I have the following birthday data (Just the head):

  #pop Freq
    1 2976
    2 1238
    3  738
    4  467
    5  352
    6  243

This means that there are 2976 people who are the only one for this value in the data. (For example, there might be only 1 person with 1/1/1965 and 1 person with 1/2/1957 and there are 2976 people in total who are like this). There are 1238 people who share their birthday with any other person, 738 people who share with 2 other people, etc.

I can get the % of people of the population who have each of these characteristics (Freq/n). I was just summing up the (Freq/n) for the population to get the value that given a given birthday what the probability is for the population. But I am thinking this isn't correct.
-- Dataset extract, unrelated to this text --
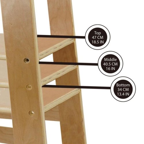 Plošinu, na kterou si vaše dítě stoupne, nastavíte podle svých potřeb. Na výběr máte 3 možnosti pro nastavení vhodné výšky – 34 cm, 40,5 cm nebo 47 cm. Vaše ratolest jistě zvládne vylézt na věž i sama.

How do I get the overall probability that given a birthday that I can determine who the person is in the overall population?

  • 0
    Not sure I am clear on the question. If I understand your table (not certain) then there are exactly $2976+1238+738+\cdots + 243 = 6014$ dates which come up as birthdays for at least one person in your sample. Is that correct? If so then, again from the table, there are exactly $2976$ of these which determine a person uniquely so the answer you want is $\frac {2976}{6014}$. Or have I misunderstood?2017-02-26
  • 0
    2976/n is the number of people who if you have their birthdate in another dataset you can uniquely identify them. 1238/n is the number of people who if you have their birthdate you have a 50 percent chance of determining their identity. 738/n is the number of people who if you have their birthdate you have a .33 chance of identifying them accuractly.2017-02-26
  • 0
    Ok...but I still don't understand what your question is. Maybe what you want is the weighted average of those probabilities? Thus $\frac {2976\times 1 +1238\times \frac 12 + 738\times \frac 13+\cdots}{6014 }$?2017-02-26

1 Answers 1

0

Lulu was correct, what I was looking for was weighted average. In my code, I forgot to sum them up by percentage and then divide over n.